The surprising part: **you need very little data**. A few thousand examples is enough, because SFT only teaches the *format* of a good answer - the knowledge is already in the pretrained model.

The Alpaca project even generated its data with another LLM: 52,000 instruction-response pairs, used to fine-tune a LLaMA 7B into a capable assistant.

> **RLHF — align with human preference**

SFT has three problems: it is bound by human ability, it teaches hallucination (cloning a "correct" answer the model doesn't actually know teaches it to make things up), and ideal answers are expensive. **RLHF fixes this by optimizing for preference, not imitation.**

The model generates two answers. A human picks the better one. Those preferences train a **reward model**, and the LLM is optimized to maximize that reward - classically with **PPO**.

A simpler modern alternative, **DPO**, reaches comparable quality with plain supervised learning and is now standard in the open-source community.

---

## 05. Evaluation & systems — *prove it works, make it feasible*

Two things wrap around the whole pipeline. Skip either and you do not have a real model.

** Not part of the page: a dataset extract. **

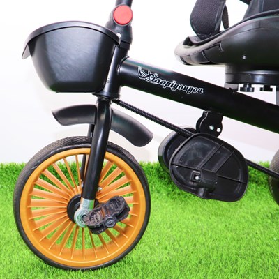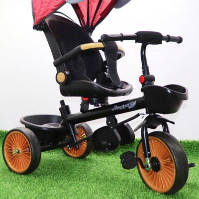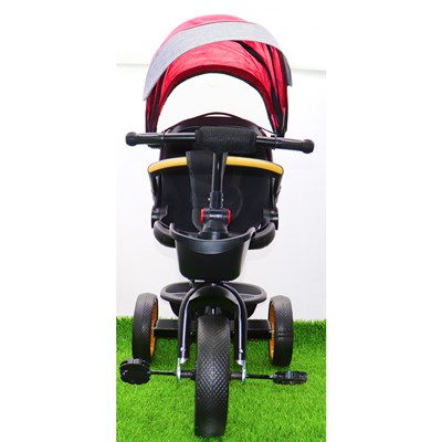 سه‌چرخه فلزی با سایه‌بان، محصولی کاربردی، ایمن و راحت برای کودکان بالای یک سال است که با طراحی مدرن و امکانات کامل، تجربه‌ای دلپذیر برای کودک و والدین فراهم می‌کند. این سه‌چرخه با ارتفاع ۴۰ سانتی‌متر از زمین تا نشیمنگاه و طول کلی ۸۲ سانتی‌متر طراحی شده و بدنه‌ای فلزی و مقاوم دارد.فرمان سه‌چرخه قابلیت خوابیدن و کنترل از روی دسته پشت را دارد و دسته پشتی دو‌تکه با امکان تنظیم ارتفاع، والدین را قادر می‌سازد تا متناسب با قد خود، کنترل راحت‌تری داشته باشند. همچنین، وجود جا لیوانی روی دسته باعث می‌شود نوشیدنی یا وسایل کوچک همیشه در دسترس باشد.صندلی سه‌چرخه از پلاستیک مقاوم با روکش نرم ساخته شده و قابلیت چرخش در چهار جهت مختلف و تنظیم به سمت مادر را دارد تا تعامل و ارتباط کودک با والدین آسان‌تر شود. این صندلی مجهز به دسته محافظ ایمن و کمربند ایمنی سه‌تکه است که از افتادن یا لغزش کودک جلوگیری می‌کند.در قسمت جلو، سبد و جاپایی قابل جدا شدن طراحی شده و در بخش عقب نیز جای بار کاربردی برای حمل اسباب‌بازی یا وسایل کودک وجود دارد. سایه‌بان سه‌چرخه به‌صورت قابل باز و بسته شدن طراحی شده و در صورت نیاز نیز به‌راحتی جدا می‌شود تا در شرایط مختلف آب‌وهوایی بتوان از آن استفاده کرد.لاستیک‌های اسفنجی فشرده این مدل حرکت نرم و بی‌صدا روی سطوح مختلف را ممکن می‌سازد و در کنار بدنه فلزی مستحکم، دوام و کیفیت بالای محصول را تضمین می‌کند. این سه‌چرخه انتخابی عالی برای خانواده‌هایی است که به دنبال ترکیب امنیت، راحتی و طراحی زیبا برای کودک خود هستند.

> **Evaluation: measuring something open-ended**

During pretraining the metric is **perplexity** - how many tokens the model is "hesitating" between. Between 2017 and 2023, the best models dropped from hesitating among ~70 tokens to fewer than 10. But perplexity breaks after alignment, so evaluation shifts to benchmarks and comparisons:

- **MMLU & HELM** - task suites with gold answers across many domains. MMLU is the most trusted pretraining benchmark.
- **Chatbot Arena** - humans blind-compare two models and vote; 300K+ votes power an Elo leaderboard.
- **AlpacaEval** - an LLM judges other LLMs. 98% correlation with Chatbot Arena, under 3 minutes and under $10 - but it has biases, like favoring longer answers.

The honest takeaway: evaluating an aligned model is genuinely hard, and no single number captures it. The same model can score 0.637 or 0.488 on MMLU depending only on the prompt format.

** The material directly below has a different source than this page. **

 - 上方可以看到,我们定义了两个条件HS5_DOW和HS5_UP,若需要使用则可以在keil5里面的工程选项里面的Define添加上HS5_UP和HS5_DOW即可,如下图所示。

> **Systems: making training physically possible**

Everyone is bottlenecked by compute - GPUs are expensive, scarce, and physically limited by communication speed. A 7B model needs ~112GB just to train naively. So the systems layer is not optional; it is what makes the whole thing feasible:

- **Low precision** - 16-bit (bf16) instead of 32-bit, halving memory and boosting speed.
- **Operator fusion & tiling** - minimize slow trips to global memory; FlashAttention alone gives a ~1.7x end-to-end speedup.
- **Data parallelism** - split the dataset across GPUs (sharding optimizer state with ZeRO to save memory).
- **Model parallelism** - split the model across GPUs by layer (pipeline) or by matrix (tensor).
- **Sparsity** - Mixture of Experts: more parameters, same FLOPs, by activating only a subset per token.

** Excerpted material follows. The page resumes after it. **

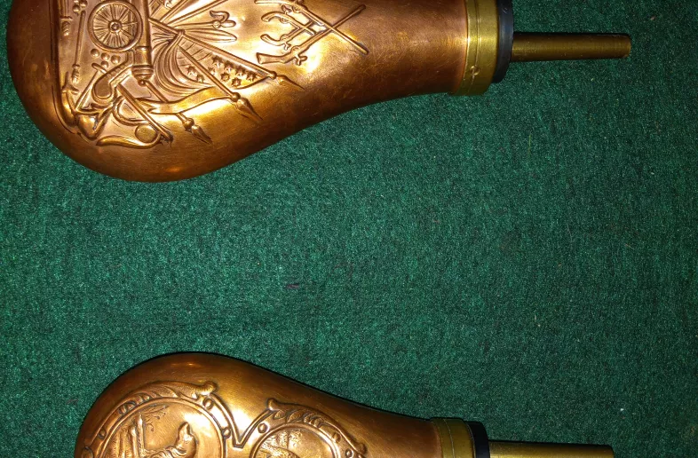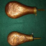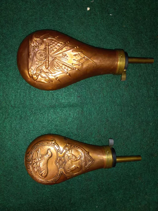 Hello selling two powder flasks . Both are in good working condition only thing wrong is 1 screw missing in the smaller one as pictured. 80 $ shipped .

> **What this whole pipeline teaches**

Walk back through the five stages and the thesis is undeniable. Architecture - the part everyone obsesses over - got the least attention. Data, scaling, alignment, evaluation, and systems are where every real decision gets made.

**That is why two labs with the same architecture produce wildly different models.** The architecture is shared. Everything that matters is not.

---

## The mistakes that sink LLM projects

- **Obsessing over architecture.** The most copied, least differentiating part of the stack.
- **Treating data as a commodity.** Dirty data caps your ceiling no matter the compute. Quality over quantity.
- **Skipping the Chinchilla math.** A model too big for its data is undertrained and wastes compute.
- **Stopping at SFT.** A fine-tuned model imitates; without RLHF or DPO it never learns what people prefer.
- **Trusting perplexity after alignment.** Post-training changes the distribution - perplexity stops being meaningful.

---

## Conclusion

> *A great model is not trained. It is engineered.*

Most people will keep believing that building an LLM is about the architecture, keep reading transformer explainers, and keep missing where the real work happens.

The ones who understand the pipeline will see it clearly: language modeling, then clean data, then optimal scaling, then alignment, then honest evaluation on efficient systems. **Five stages. The architecture is one paragraph of one of them.**

Pick one stage you have been ignoring — probably data or evaluation. Go deep on it. That is where the difference lives.